WHAT IS BEING ASKED: Please show each line of the listing where "find" is present.

◇ ◇ ◇ ◇

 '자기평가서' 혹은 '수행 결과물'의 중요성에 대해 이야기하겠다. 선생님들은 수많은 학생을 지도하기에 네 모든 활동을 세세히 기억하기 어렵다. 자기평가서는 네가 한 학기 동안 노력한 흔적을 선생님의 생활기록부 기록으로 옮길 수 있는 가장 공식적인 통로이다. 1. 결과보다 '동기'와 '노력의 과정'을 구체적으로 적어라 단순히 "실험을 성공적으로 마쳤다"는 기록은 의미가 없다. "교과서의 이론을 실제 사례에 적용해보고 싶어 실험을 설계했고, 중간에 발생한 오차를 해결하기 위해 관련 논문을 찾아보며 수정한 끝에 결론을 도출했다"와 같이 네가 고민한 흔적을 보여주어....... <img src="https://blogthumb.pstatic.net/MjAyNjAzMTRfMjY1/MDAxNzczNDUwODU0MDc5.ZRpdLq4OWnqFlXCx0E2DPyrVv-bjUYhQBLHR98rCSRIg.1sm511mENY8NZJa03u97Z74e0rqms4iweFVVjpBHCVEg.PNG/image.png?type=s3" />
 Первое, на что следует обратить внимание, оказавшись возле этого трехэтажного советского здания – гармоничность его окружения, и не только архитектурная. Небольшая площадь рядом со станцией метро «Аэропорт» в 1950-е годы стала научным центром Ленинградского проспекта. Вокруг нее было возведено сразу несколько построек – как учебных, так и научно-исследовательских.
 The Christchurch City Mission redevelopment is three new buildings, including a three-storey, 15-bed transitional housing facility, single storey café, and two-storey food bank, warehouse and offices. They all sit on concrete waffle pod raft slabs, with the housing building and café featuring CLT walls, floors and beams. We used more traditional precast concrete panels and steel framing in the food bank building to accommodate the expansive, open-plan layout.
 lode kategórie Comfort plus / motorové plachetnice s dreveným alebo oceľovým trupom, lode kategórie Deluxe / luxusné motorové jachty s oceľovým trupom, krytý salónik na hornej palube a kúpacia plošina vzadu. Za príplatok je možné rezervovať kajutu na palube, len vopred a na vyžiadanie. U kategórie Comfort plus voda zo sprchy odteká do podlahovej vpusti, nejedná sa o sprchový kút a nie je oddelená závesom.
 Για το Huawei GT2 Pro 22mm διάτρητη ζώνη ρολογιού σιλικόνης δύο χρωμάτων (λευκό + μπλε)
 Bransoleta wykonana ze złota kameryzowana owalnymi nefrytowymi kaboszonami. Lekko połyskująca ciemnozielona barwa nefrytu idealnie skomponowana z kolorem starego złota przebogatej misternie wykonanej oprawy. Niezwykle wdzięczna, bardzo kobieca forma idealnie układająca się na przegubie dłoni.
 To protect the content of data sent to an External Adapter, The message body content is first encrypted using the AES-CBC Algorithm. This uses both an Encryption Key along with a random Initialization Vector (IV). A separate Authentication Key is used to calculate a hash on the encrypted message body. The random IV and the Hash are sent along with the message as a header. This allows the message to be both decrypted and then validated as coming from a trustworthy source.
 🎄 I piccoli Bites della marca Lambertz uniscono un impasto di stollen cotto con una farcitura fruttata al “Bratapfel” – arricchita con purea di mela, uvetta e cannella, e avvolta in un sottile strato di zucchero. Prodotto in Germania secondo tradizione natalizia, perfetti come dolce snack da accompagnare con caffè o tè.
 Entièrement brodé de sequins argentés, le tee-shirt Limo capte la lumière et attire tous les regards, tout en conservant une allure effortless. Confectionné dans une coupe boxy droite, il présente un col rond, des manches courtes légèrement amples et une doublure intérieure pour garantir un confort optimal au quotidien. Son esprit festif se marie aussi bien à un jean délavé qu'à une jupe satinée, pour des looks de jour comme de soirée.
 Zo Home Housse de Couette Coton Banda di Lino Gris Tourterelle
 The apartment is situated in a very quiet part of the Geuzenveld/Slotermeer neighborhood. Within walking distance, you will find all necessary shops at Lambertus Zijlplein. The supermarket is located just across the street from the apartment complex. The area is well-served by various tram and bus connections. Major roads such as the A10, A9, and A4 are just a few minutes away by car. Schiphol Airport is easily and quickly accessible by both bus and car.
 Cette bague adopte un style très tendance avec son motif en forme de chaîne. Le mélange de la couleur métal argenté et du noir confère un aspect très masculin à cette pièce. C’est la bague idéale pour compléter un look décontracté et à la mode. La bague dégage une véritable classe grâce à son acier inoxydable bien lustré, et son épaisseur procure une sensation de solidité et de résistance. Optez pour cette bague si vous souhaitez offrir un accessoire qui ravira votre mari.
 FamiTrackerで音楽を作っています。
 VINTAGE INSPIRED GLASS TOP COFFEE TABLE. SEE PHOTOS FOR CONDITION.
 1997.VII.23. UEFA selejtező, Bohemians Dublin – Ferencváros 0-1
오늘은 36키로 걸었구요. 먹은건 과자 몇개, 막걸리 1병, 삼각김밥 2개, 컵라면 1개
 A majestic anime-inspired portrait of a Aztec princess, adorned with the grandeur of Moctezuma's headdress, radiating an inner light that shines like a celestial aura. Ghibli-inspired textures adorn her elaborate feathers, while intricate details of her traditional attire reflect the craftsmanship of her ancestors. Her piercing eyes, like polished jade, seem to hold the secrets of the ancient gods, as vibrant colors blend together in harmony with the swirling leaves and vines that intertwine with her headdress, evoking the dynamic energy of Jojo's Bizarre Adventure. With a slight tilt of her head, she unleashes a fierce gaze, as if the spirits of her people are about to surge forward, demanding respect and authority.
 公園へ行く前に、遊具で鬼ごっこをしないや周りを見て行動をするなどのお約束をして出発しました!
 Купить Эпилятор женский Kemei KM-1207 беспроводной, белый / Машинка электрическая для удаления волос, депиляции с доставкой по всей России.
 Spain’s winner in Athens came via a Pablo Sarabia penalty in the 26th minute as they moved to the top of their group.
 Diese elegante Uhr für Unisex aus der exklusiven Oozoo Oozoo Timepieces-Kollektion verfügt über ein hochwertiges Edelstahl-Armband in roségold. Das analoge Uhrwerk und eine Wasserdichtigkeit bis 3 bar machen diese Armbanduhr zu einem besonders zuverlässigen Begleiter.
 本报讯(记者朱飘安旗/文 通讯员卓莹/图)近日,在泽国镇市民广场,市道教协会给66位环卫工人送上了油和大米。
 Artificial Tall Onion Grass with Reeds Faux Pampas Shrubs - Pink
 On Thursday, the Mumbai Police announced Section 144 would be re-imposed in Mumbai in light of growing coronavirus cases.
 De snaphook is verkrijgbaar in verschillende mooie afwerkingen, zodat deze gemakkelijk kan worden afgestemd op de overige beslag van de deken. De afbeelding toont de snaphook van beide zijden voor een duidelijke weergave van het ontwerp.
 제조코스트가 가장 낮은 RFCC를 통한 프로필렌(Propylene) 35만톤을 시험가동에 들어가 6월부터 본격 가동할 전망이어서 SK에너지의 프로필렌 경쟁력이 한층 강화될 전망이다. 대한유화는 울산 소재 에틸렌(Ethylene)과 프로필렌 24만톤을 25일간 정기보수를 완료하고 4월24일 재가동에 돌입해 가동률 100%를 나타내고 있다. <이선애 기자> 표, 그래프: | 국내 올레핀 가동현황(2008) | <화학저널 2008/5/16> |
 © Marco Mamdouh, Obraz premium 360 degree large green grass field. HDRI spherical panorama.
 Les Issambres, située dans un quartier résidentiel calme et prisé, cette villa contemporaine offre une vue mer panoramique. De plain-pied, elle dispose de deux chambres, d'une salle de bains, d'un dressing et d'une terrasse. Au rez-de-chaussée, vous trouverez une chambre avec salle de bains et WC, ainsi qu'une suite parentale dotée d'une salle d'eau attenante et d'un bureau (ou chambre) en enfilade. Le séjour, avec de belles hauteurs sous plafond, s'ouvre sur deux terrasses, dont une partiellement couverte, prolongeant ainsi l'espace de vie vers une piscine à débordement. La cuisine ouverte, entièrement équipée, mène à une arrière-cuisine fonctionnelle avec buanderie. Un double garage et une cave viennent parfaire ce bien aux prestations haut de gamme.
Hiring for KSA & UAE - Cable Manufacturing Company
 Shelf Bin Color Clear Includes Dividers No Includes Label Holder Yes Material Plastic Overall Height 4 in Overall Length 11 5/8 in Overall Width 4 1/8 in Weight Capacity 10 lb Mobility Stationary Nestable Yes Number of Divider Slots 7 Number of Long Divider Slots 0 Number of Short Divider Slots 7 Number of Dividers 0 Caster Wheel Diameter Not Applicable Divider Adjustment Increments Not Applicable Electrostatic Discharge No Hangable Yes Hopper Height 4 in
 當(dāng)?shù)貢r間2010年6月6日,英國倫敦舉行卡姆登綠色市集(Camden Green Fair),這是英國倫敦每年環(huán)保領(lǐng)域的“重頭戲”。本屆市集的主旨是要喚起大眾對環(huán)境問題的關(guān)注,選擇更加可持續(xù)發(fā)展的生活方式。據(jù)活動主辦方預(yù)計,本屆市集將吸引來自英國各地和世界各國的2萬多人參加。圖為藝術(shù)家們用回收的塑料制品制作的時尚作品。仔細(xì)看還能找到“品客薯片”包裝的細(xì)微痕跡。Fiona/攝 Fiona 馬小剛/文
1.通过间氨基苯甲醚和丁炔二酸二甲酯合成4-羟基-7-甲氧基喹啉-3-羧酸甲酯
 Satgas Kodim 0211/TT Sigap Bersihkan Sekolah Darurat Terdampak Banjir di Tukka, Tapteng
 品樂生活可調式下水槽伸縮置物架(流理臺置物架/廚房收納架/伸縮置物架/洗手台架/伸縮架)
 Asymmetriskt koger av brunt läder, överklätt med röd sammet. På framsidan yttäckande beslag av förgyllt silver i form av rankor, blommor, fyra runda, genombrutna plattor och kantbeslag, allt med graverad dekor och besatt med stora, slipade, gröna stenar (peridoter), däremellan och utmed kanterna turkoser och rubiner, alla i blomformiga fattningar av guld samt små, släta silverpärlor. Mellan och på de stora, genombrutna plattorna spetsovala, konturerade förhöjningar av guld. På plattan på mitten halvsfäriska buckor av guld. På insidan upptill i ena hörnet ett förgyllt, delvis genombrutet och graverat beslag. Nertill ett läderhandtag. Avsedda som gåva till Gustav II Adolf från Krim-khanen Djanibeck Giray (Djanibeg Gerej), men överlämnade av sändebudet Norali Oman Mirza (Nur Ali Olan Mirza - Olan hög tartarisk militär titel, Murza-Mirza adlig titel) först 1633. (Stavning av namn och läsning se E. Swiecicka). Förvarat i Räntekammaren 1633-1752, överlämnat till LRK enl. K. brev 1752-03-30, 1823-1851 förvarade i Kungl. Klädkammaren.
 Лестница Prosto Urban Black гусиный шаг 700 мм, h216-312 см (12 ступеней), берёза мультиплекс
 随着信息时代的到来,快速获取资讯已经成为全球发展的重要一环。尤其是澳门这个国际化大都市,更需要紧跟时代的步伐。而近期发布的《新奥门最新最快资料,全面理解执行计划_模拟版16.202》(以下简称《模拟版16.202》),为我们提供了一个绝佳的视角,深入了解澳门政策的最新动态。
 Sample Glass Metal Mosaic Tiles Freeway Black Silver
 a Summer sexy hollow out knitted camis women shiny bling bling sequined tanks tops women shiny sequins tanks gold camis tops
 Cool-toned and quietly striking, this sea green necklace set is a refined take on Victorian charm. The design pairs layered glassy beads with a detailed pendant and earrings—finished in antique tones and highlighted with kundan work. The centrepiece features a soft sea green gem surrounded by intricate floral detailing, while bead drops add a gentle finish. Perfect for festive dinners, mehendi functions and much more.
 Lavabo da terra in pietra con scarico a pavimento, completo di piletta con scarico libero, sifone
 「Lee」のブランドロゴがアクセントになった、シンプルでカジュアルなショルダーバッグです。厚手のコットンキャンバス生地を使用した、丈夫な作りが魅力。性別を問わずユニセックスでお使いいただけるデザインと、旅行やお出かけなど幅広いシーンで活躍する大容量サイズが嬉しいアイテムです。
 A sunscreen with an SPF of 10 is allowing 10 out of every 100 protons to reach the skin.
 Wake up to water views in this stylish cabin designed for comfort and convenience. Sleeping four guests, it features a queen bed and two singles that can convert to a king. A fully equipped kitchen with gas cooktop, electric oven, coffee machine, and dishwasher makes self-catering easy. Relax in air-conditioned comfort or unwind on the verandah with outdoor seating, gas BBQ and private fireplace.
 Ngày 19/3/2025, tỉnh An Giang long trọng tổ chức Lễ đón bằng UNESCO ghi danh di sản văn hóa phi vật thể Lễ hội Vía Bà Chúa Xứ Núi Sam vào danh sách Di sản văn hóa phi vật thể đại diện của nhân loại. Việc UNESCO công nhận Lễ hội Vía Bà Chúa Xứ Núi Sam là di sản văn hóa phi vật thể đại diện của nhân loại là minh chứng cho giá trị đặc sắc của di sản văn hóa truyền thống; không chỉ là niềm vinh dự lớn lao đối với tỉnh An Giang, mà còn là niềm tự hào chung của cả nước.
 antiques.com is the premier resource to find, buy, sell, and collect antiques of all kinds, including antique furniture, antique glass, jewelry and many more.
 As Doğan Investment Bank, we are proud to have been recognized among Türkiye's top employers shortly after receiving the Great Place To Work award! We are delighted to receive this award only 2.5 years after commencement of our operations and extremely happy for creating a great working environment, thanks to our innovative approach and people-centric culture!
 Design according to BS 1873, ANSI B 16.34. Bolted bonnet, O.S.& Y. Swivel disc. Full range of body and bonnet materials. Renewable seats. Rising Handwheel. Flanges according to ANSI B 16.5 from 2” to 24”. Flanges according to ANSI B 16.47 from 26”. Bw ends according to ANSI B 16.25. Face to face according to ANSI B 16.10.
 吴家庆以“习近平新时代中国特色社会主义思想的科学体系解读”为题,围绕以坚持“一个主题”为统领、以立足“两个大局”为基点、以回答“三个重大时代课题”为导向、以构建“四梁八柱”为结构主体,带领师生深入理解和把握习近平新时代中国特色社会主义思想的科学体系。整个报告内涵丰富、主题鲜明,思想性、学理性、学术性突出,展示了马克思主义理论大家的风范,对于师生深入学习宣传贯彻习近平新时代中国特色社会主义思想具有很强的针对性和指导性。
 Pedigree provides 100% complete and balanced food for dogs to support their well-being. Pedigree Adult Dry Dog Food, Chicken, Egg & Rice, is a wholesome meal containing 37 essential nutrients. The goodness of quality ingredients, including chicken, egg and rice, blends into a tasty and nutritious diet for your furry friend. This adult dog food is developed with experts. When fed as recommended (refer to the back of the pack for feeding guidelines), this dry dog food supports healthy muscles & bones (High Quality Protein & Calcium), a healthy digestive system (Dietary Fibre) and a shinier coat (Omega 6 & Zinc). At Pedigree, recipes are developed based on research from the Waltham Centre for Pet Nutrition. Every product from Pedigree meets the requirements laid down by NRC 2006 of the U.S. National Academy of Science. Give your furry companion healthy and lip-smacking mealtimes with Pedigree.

◇ ◇ ◇ ◇

ANSWER BELOW:
 The apartment is situated in a very quiet part of the Geuzenveld/Slotermeer neighborhood. Within walking distance, you will find all necessary shops at Lambertus Zijlplein. The supermarket is located just across the street from the apartment complex. The area is well-served by various tram and bus connections. Major roads such as the A10, A9, and A4 are just a few minutes away by car. Schiphol Airport is easily and quickly accessible by both bus and car.
 antiques.com is the premier resource to find, buy, sell, and collect antiques of all kinds, including antique furniture, antique glass, jewelry and many more.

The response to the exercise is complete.